И, опустив руки, двинулся прямо к приречным кустам.
Щелкнули затворы.
– Не балуй! – крикнули из зарослей. – Враз срежем!
Миробицкий уныло поднял руки над головой, кинул озлобленно:
– Чего ж вы там, язви вас в душу, толчетесь, ровно косачи. Идите и взгляните на мои документы.
– Мы те выйдем! – погрозили из кустов. – Мы из тебя, гада, решето враз произведем!
У Миробицкого снова стали затекать поднятые руки, когда в зарослях внезапно раздался хриплый веселый крик:
– Де-емка! Стой, братцы, это же Демка Миробицкий! Ах, пес тебя сгрызи, какая история!
Ружья опустились, и навстречу сотнику, переваливаясь с ноги на ногу, выкатился толстенький, усатый, коротконогий мужик в обожженной гимнастерке.
Миробицкий с удивлением разглядывал мужичонку. Но вот незнакомец смаху повис у него на шее.

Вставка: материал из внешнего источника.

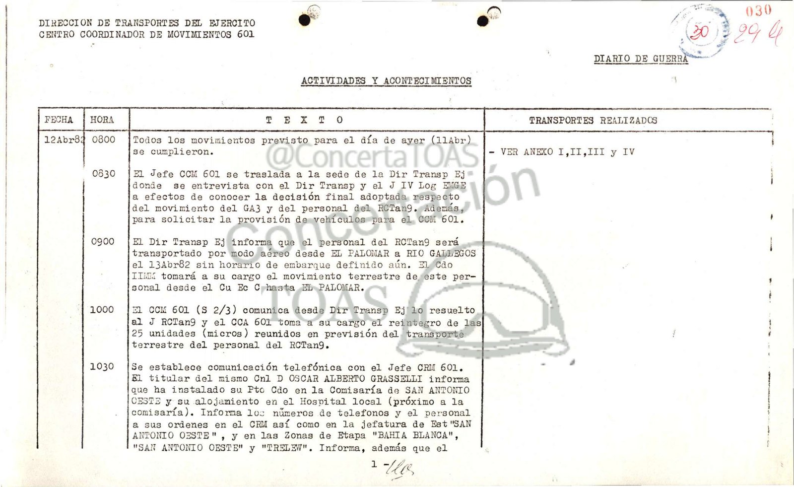 el 13Abr82 sin horario de embarque definido aún. El Cdo

Только теперь, в упор увидев его лицо, Дементий крякнул от удовольствия: перед ним потешно кривлялся и подмигивал есаул Абызов, лихой рубака, картежник и бабник, командир казачьей сотни, в которой когда-то служил и Миробицкий.
– Аркадий Евсеич, – оторопело развел руки сотник. – Как же это вы, голубчик, в таком виде?
– Э-э, – рассмеялся Абызов. – Ты на себя посмотри, душа моя. Чистый комиссаришка!
И они расхохотались.
– А эти – кто? – показал Миробицкий глазами на полдесятка оборванных парней, грудившихся неподалеку.
– Православные, – продолжая улыбаться, пробасил Абызов. – От розовых сбегли, от ихней армии.
Есаул потащил Дементия в землянку, усадил на нары, сказал, наливая кружку теплой воды и подвигая кусок хлеба:
– Ешь, Дема. Охудал больно. Не у красных прохлаждался?
– У них. Сбежал.
– Понятно. А сейчас?
– В родные места.
– Зачем?
Миробицкий искоса посмотрел на землистое отекшее лицо есаула, пожал плечами.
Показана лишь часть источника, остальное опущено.